Kaggle House Prices Prediction with Linear Regression and Gradient Boosting

Kaggle House Prices Prediction with Linear Regression and Gradient Boosting

Kaggle House Prices Prediction with Linear Regression and Gradient Boosting. This notebook achieved a score of 0.12 and within the top 25% in this Kaggle House Price competition

My **[Kaggle Notebook Link is here**](https://www.kaggle.com/paulrohan2020/eda-and-simple-linear-regression-for-house-price)

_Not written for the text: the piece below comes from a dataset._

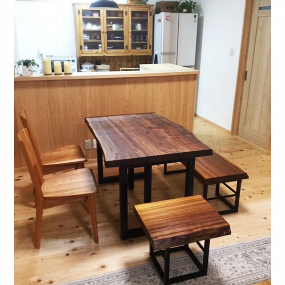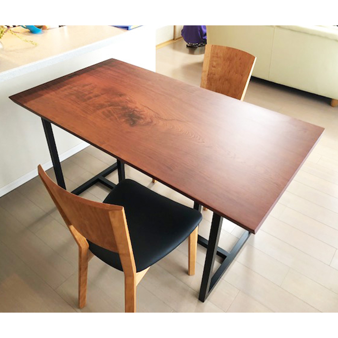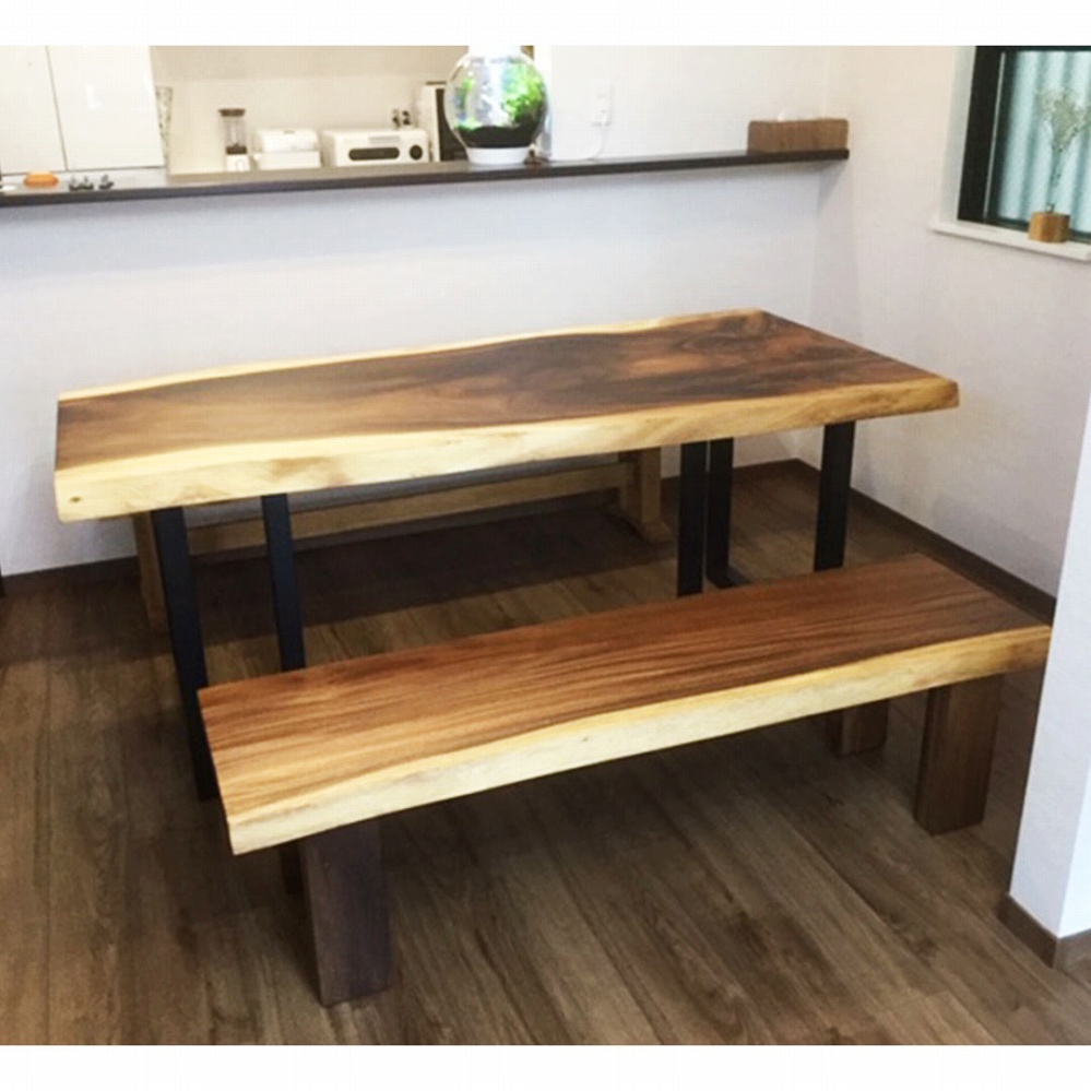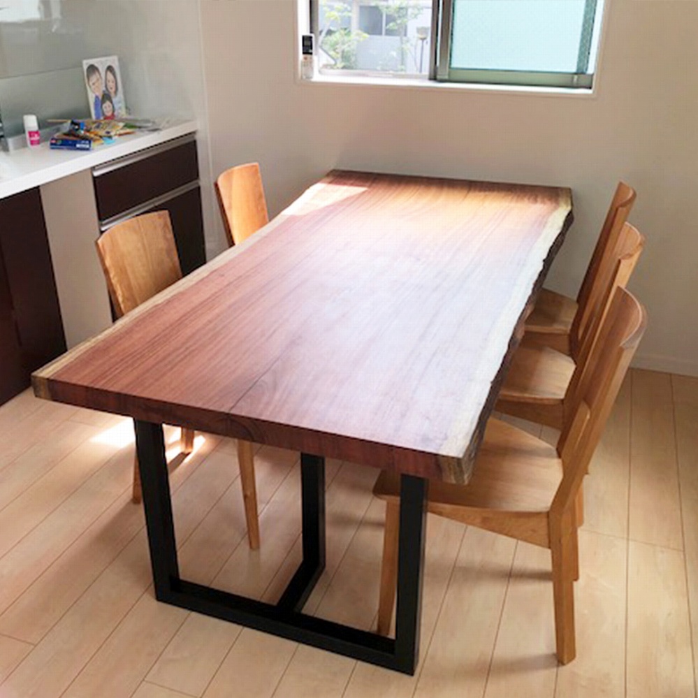 モンキーポッドで天板・脚・ベンチと揃っているのでとても統一感があり素敵なダイニングテーブルになりました。

As I intended this Notebook to be published as a blog on Linear Regression, Gradient Descent function and some EDA, so in the first 50% to 60% of this notebook I have mainly discussed the theory around those topics from mainly a beginner perspective.

import numpy as np
import pandas as pd
import matplotlib.pyplot as plt
import seaborn as sns
from sklearn.pipeline import Pipeline
from sklearn.preprocessing import LabelEncoder, OneHotEncoder
from sklearn.compose import ColumnTransformer
from sklearn.linear_model import LinearRegression
from sklearn.linear_model import Ridge
from sklearn.linear_model import Lasso
from sklearn.ensemble import RandomForestRegressor
from sklearn.impute import SimpleImputer
from sklearn.preprocessing import StandardScaler
from sklearn.model_selection import train_test_split
from sklearn import metrics
from sklearn.metrics import mean_squared_log_error
from sklearn.metrics import mean_squared_error
from xgboost import XGBRegressor
import math

The evaluation criteria for this Kaggle Competition is RMSLE — “Submissions are evaluated on Root-Mean-Squared-Error (RMSE) between the logarithm of the predicted value and the logarithm of the observed sales price. (Taking logs means that errors in predicting expensive houses and cheap houses will affect the result equally.)”

The Root Mean Squared Log Error (RMSLE) can be defined using a slight modification on sklearn’s mean_squared_log_error function, which itself a modification on the familiar Mean Squared Error (MSE) metric.

def root_mean_squared_log_error(y_validations, y_predicted):
    if len(y_predicted) != len(y_validations):
        return 'error: mismatch in number of data points between x and y'
    y_predict_modified = [math.log(i) for i in y_predicted]
    y_validations_modified = [math.log(i) for i in y_validations]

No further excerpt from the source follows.